What the task requires: In the copy, include no images. Reproduce the entries exactly.

Records supplied:
☆ ☆ ☆

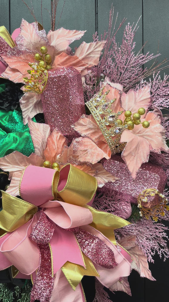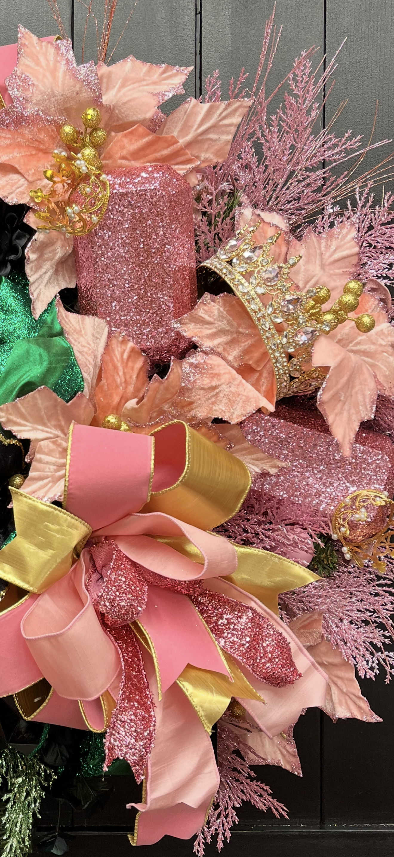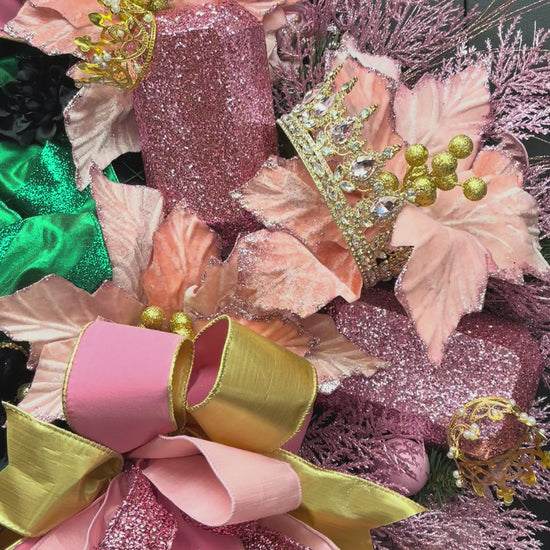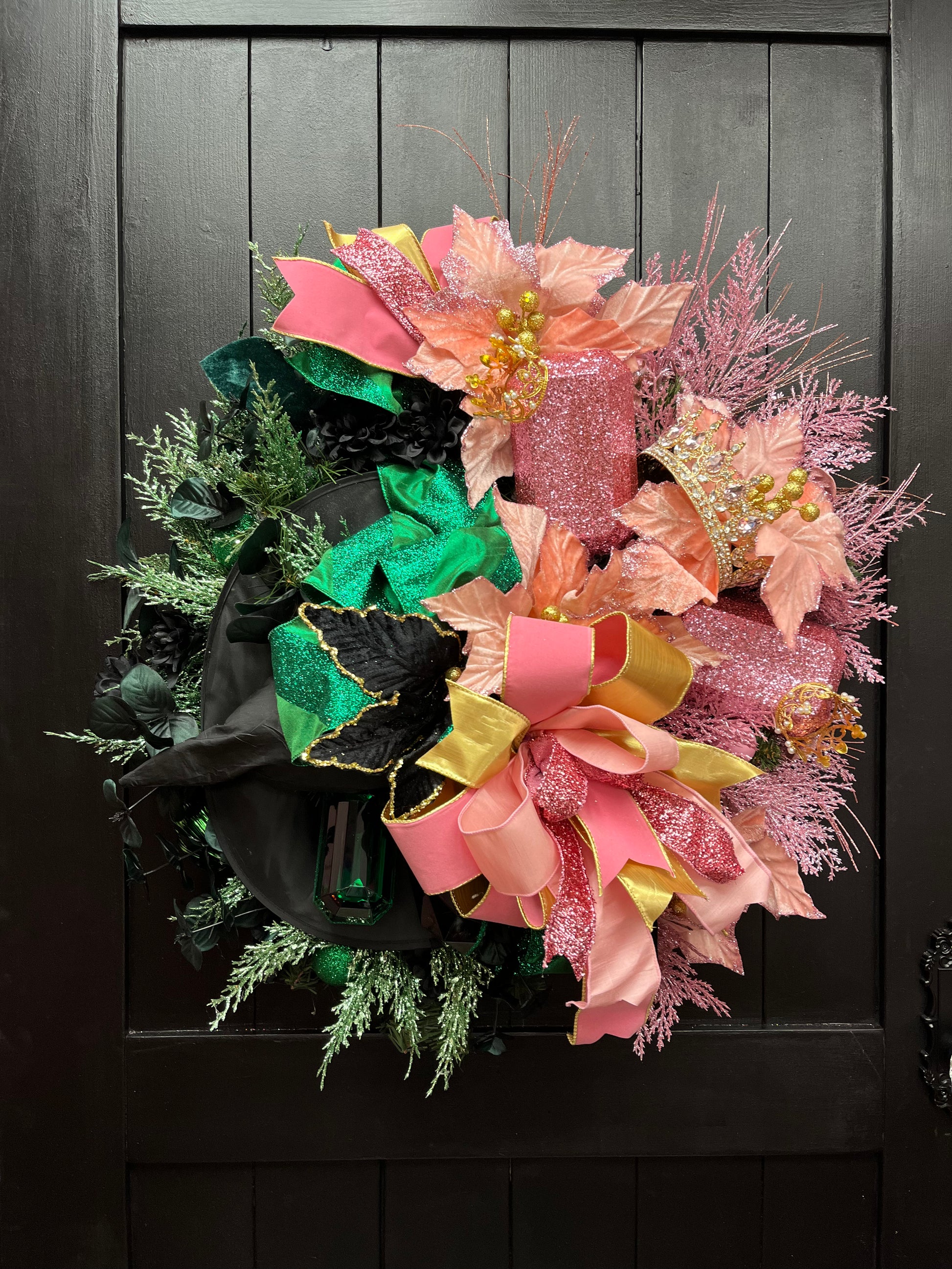 Step into Oz-level drama with this showstopping Glam Wicked Witch wreath — where spellbinding magic meets pink-and-gold glamour! This handcrafted design reimagines the classic wicked witch in a high-fashion palette of sparkling blush, emerald green, and glimmering gold.
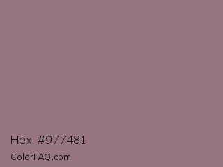 Hex #977481 Color is a normal rose color and the nearest color is Bazaar #98777b. Hex code #977481 and RGB value is rgb(151,116,129). In RGB color space, this color is composed of 59% red, 45% green, 51% blue, In CMYK color space, this color is composed of 0% cyan, 23% magenta, 15% yellow , 41% black , In HSL color space, this color has a hue angle of 338° , 14% saturation and 52% lightness.
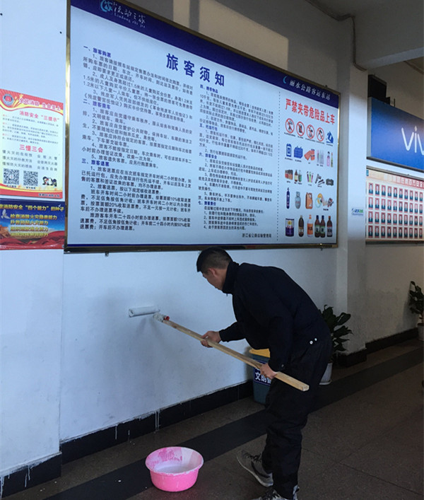 由于车站人流量大,候车厅、过道等地方的墙壁特别容易变脏。为了节省人工成本,江书记便买来了涂料,发动党员志愿者们利用休息时间对墙壁进行刷白。
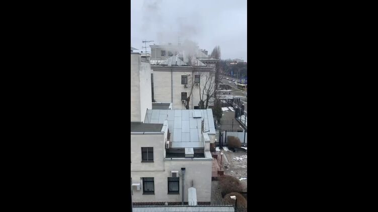 Из здания посольства РФ в Киеве шел дым. Фото: скриншот из видео
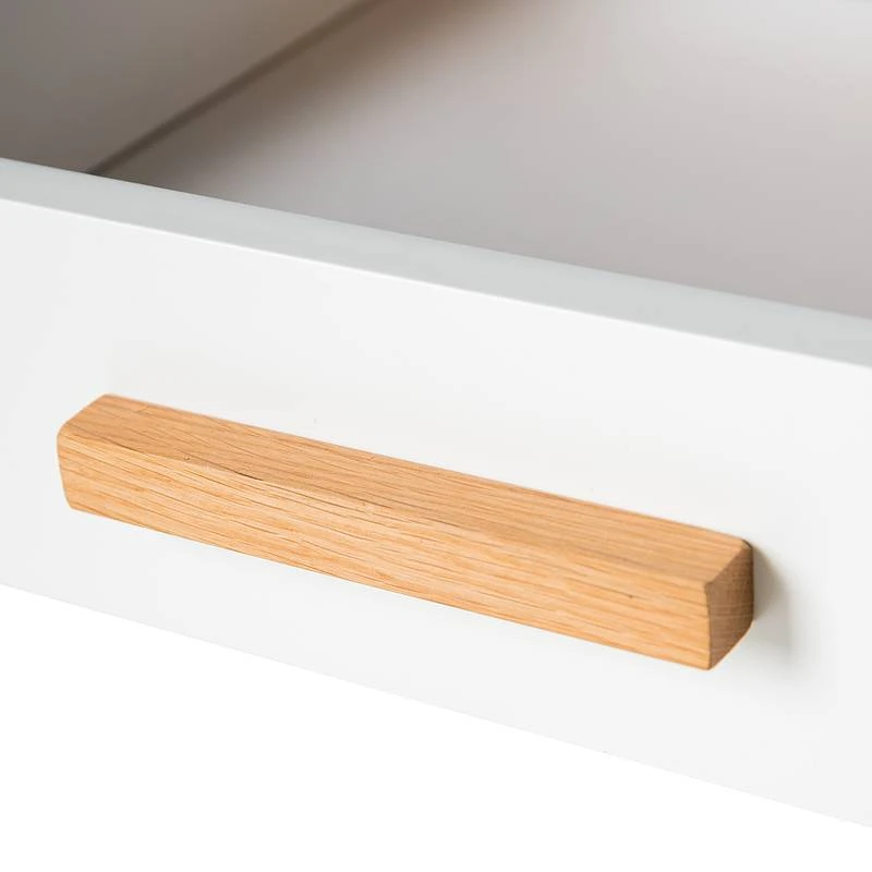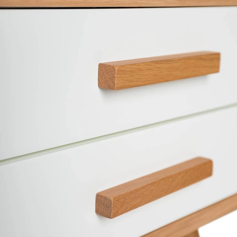 - Pieds et poignée : chêne massif
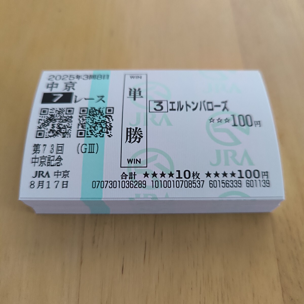 - エルトンバローズ 第73回中京記念 現地単勝馬券98枚
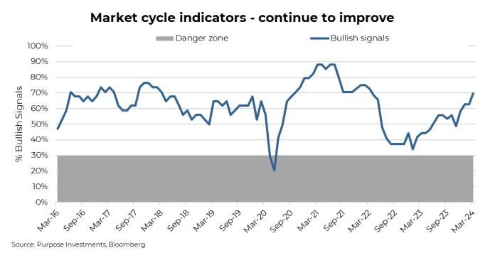 The improved economic data has been picked up in our Market Cycle framework, potentially alleviating broader near-term recession risk. The Market Cycle is comprised of over 40 indicators, all of which have historically had some efficacy in showing turning points in the economic cycle. Some signals are from the bond market, U.S. or global economic data, some from sentiment, fundamentals, etc. The view is that not ever signal works in each cycle, so we have a diversified approach with many signals.
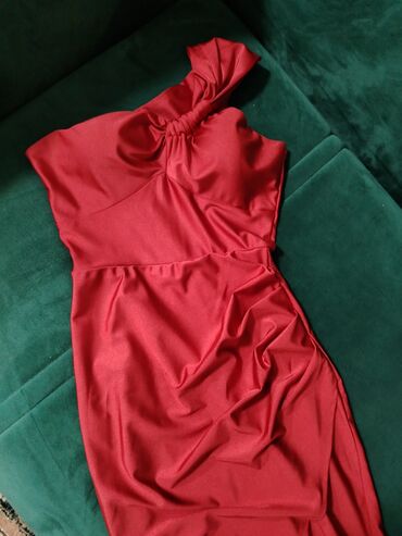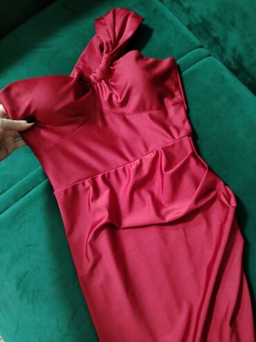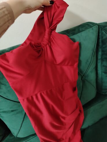 Elegantna crvena haljina od satenskog sjajnog materijala. Model sa jednom bretelom koja se formira u dekorativnu mašnu/čvor na ramenu. Gornji deo ima oblikovane korpe i šavove koji naglašavaju struk, dok su duž bokova i prednjeg dela blage drapirane naborane linije koje vizuelno izdužuju figuru. Dužina do ispod kolena (midi), kroj pripijen uz telo. Idealna za večernje prilike, proslave i posebne događaje. Boja: intenzivna crvena. Zatvaranje nije vidljivo na fotografijama (verovatno bez rajsferšlusa, rastegljiv materijal).
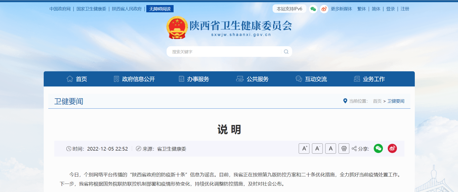 央廣網(wǎng)西安12月6日消息(見習記者侯凱奇)12月5日晚,陜西省衛(wèi)健委官網(wǎng)發(fā)布說明,明確提出個別網(wǎng)絡(luò)平臺傳播的“陜西省政府的防疫新十條”信息為謠言。
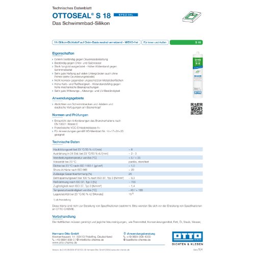 TITEL: OTTOSEAL® S 18 - Das Schwimmbad-Silikon###BESCHREIBUNG: Das Schwimmbad-Silikon OTTOSEAL® S 18 ist ein Spezial-Dichtstoff, der extra für Anwendungen im und am Schwimmbecken entwickelt wurde. Durch seine hohe Beständigkeit gegen die Belastung durch Chlor und Desinfektionsmittel und gegen mechanische Beanspruchungen, sowie seine hohe Schimmelbeständigkeit, ist dieser Dichtstoff perfekt für Fugen im Dauernassbereich geeignet. Und das nicht nur am Beckenrand, sondern auch unter Wasser.###ANWENDUNGSGEBIETE: Abdichten von Schwimmbecken und -bädern und elastische Verfugungen am Beckenkopf###EIGENSCHAFTEN: Extrem beständig gegen Dauernassbelastung;Beständig gegen Chlor- und Salzwasser;Stark fungizid ausgerüstet - Hoher Widerstand gegen Schimmelbefall;Sehr gute Haftung auf vielen Untergründen auch ohne Primer (siehe Grundierungstabelle);Nicht korrosiv gegenüber ungeschützten Metalloberflächen;Hohe Kerb- und Reißfestigkeit - Widerstandsfähig gegen hohe mechanische Beanspruchungen;Sehr gute Witterungs-, Alterungs- und UV-Beständigkeit###NORMEN UND PRÜFUNGEN: Entspricht den Anforderungen des Brandverhaltens nach EN 13501: Klasse E;Französische VOC-Emissionsklasse A+;Für Anwendungen gemäß IVD-Merkblatt Nr. 14+17+31+35 geeignet
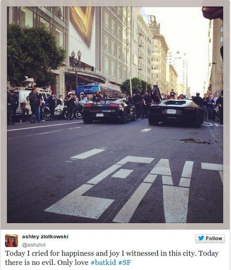 Kepala Polisi San Francisco, Greg Suhr, memerintahkan salah seorang personelnya mengenakan jubah Batman guna membantu Scott. Merekau pun dielu-elukan sepanjang jalan.
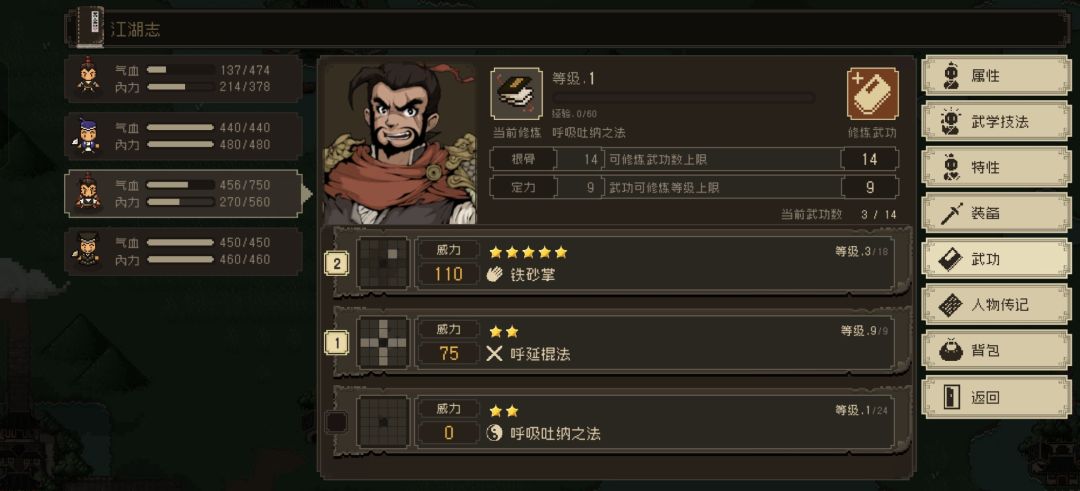 上官楠的呼延棍法满级后,学呼吸吐纳之法,点击人物肖像下的数字图标3,图标消失。
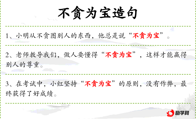 - 不贪为宝:这是一个成语,意思是“不贪心就是宝贵的品质”。
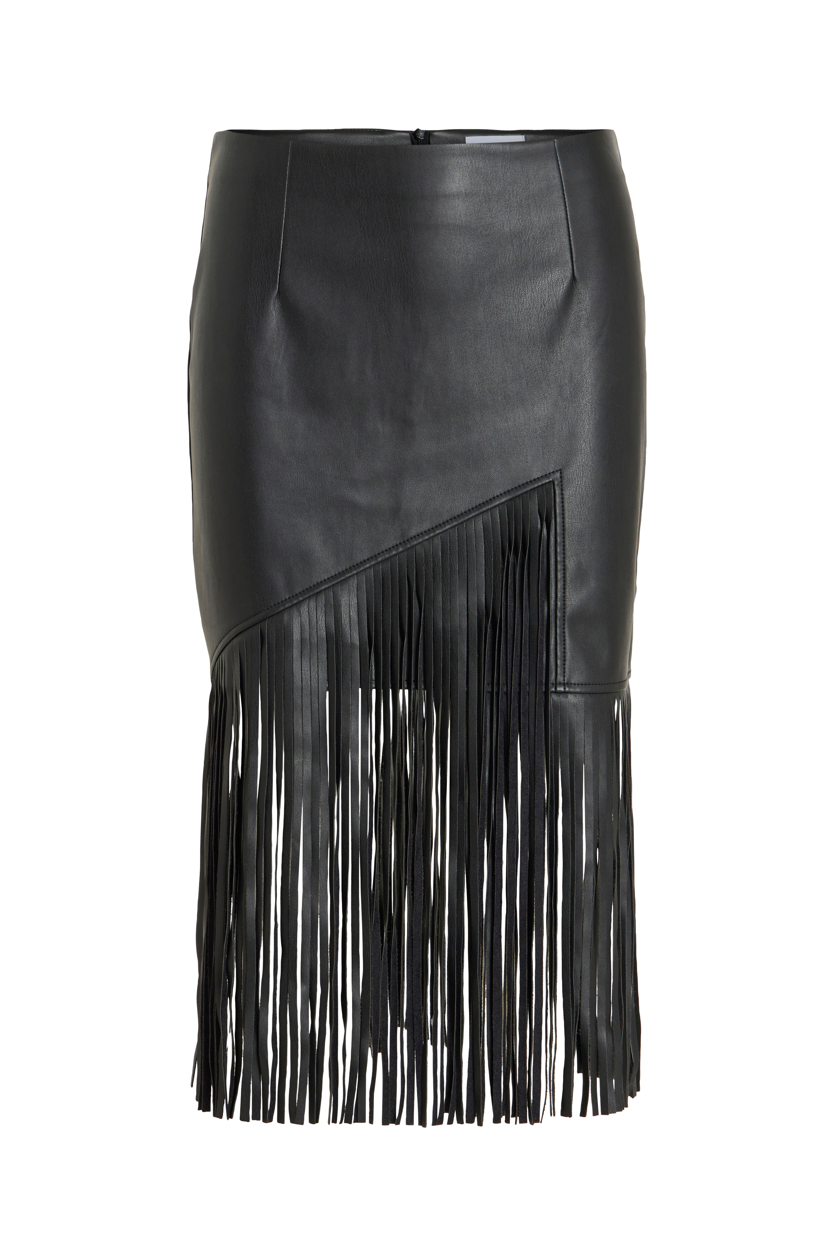 • Kjol i skinnimitation med fransar nedtill

☆ ☆ ☆

Exercise output:
 Step into Oz-level drama with this showstopping Glam Wicked Witch wreath — where spellbinding magic meets pink-and-gold glamour! This handcrafted design reimagines the classic wicked witch in a high-fashion palette of sparkling blush, emerald green, and glimmering gold.
 Hex #977481 Color is a normal rose color and the nearest color is Bazaar #98777b. Hex code #977481 and RGB value is rgb(151,116,129). In RGB color space, this color is composed of 59% red, 45% green, 51% blue, In CMYK color space, this color is composed of 0% cyan, 23% magenta, 15% yellow , 41% black , In HSL color space, this color has a hue angle of 338° , 14% saturation and 52% lightness.
 由于车站人流量大,候车厅、过道等地方的墙壁特别容易变脏。为了节省人工成本,江书记便买来了涂料,发动党员志愿者们利用休息时间对墙壁进行刷白。
 Из здания посольства РФ в Киеве шел дым. Фото: скриншот из видео
 - Pieds et poignée : chêne massif
 - エルトンバローズ 第73回中京記念 現地単勝馬券98枚
 The improved economic data has been picked up in our Market Cycle framework, potentially alleviating broader near-term recession risk. The Market Cycle is comprised of over 40 indicators, all of which have historically had some efficacy in showing turning points in the economic cycle. Some signals are from the bond market, U.S. or global economic data, some from sentiment, fundamentals, etc. The view is that not ever signal works in each cycle, so we have a diversified approach with many signals.
 Elegantna crvena haljina od satenskog sjajnog materijala. Model sa jednom bretelom koja se formira u dekorativnu mašnu/čvor na ramenu. Gornji deo ima oblikovane korpe i šavove koji naglašavaju struk, dok su duž bokova i prednjeg dela blage drapirane naborane linije koje vizuelno izdužuju figuru. Dužina do ispod kolena (midi), kroj pripijen uz telo. Idealna za večernje prilike, proslave i posebne događaje. Boja: intenzivna crvena. Zatvaranje nije vidljivo na fotografijama (verovatno bez rajsferšlusa, rastegljiv materijal).
 央廣網(wǎng)西安12月6日消息(見習記者侯凱奇)12月5日晚,陜西省衛(wèi)健委官網(wǎng)發(fā)布說明,明確提出個別網(wǎng)絡(luò)平臺傳播的“陜西省政府的防疫新十條”信息為謠言。
 TITEL: OTTOSEAL® S 18 - Das Schwimmbad-Silikon###BESCHREIBUNG: Das Schwimmbad-Silikon OTTOSEAL® S 18 ist ein Spezial-Dichtstoff, der extra für Anwendungen im und am Schwimmbecken entwickelt wurde. Durch seine hohe Beständigkeit gegen die Belastung durch Chlor und Desinfektionsmittel und gegen mechanische Beanspruchungen, sowie seine hohe Schimmelbeständigkeit, ist dieser Dichtstoff perfekt für Fugen im Dauernassbereich geeignet. Und das nicht nur am Beckenrand, sondern auch unter Wasser.###ANWENDUNGSGEBIETE: Abdichten von Schwimmbecken und -bädern und elastische Verfugungen am Beckenkopf###EIGENSCHAFTEN: Extrem beständig gegen Dauernassbelastung;Beständig gegen Chlor- und Salzwasser;Stark fungizid ausgerüstet - Hoher Widerstand gegen Schimmelbefall;Sehr gute Haftung auf vielen Untergründen auch ohne Primer (siehe Grundierungstabelle);Nicht korrosiv gegenüber ungeschützten Metalloberflächen;Hohe Kerb- und Reißfestigkeit - Widerstandsfähig gegen hohe mechanische Beanspruchungen;Sehr gute Witterungs-, Alterungs- und UV-Beständigkeit###NORMEN UND PRÜFUNGEN: Entspricht den Anforderungen des Brandverhaltens nach EN 13501: Klasse E;Französische VOC-Emissionsklasse A+;Für Anwendungen gemäß IVD-Merkblatt Nr. 14+17+31+35 geeignet
 Kepala Polisi San Francisco, Greg Suhr, memerintahkan salah seorang personelnya mengenakan jubah Batman guna membantu Scott. Merekau pun dielu-elukan sepanjang jalan.
 上官楠的呼延棍法满级后,学呼吸吐纳之法,点击人物肖像下的数字图标3,图标消失。
 - 不贪为宝:这是一个成语,意思是“不贪心就是宝贵的品质”。
 • Kjol i skinnimitation med fransar nedtill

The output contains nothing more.